Голод
Мне хотелось быть муравьем и иметь прочный хитиновый панцирь как защиту от окружающего мира вместо того дрожащего комочка желе, которым я была. Муравьем или отважной собакой, вот кем я мечтала стать, но ни того, ни другого не получилось. Вместо этого за мной по пятам, словно бездомная паршивая лиса, бесшумно следовал тонконогий страх. Он хотел, чтобы я погладила его, терся о мои ноги, желая, чтобы я взяла его на руки и объявила своим. Хотел, чтобы я втянула воздух в легкие, словно в последний раз, зажмурилась и прислушивалась к оглушительному биению сердца, сжав кулаки, так что косточки побелели.
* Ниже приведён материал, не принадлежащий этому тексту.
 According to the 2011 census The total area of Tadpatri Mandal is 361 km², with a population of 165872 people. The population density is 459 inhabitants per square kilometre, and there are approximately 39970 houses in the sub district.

Если бы у меня была любовь Овчарки! Когда я нуждалась бы в собаке, она готова была бы кому угодно перегрызть горло, встала бы передо мной в спокойной готовности.
Позднее случалось, что именно так она и поступала.
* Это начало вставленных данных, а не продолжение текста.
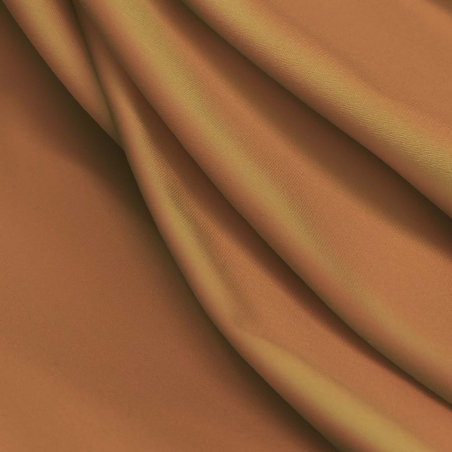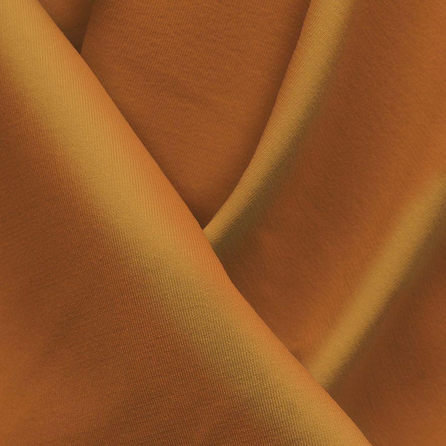 La tela base es una Lycra Reciclada - Seal de 230 gr/m2 compuesta por un 75% de poliéster y un 25% de elastano, con una anchura de 150 cm. El color liso impreso es un Naranja Caléndula con un código CMYK de 8 55 80 1. Representa la energía del sol, transmitiendo vitalidad y optimismo. Este color combina muy bien con tonos de beige suave, marrones cálidos y blancos naturales.

Когда я была ребенком, она появлялась нечасто. Тогда моя жизнь иногда натыкалась на мертвую птицу, на острую иглу, на детей в школе, когда я отвечала неправильно, или на тетку с корзиной в деревне – ту, которая таращила глаза и недолюбливала меня. Овчарка мне тогда не помогала. И чем больше остальные шептались о том, какая я трусливая и странная, тем больше страх сжимал легкие. Меня пугали лица взрослых, говоривших о нашем местечке Одален неподалеку от городка Мармаверкен. И еще когда мужа кузины парализовало из‑за тромба – тогда все собрались в комнате и шептались о нем, а на лица падали тени из окна.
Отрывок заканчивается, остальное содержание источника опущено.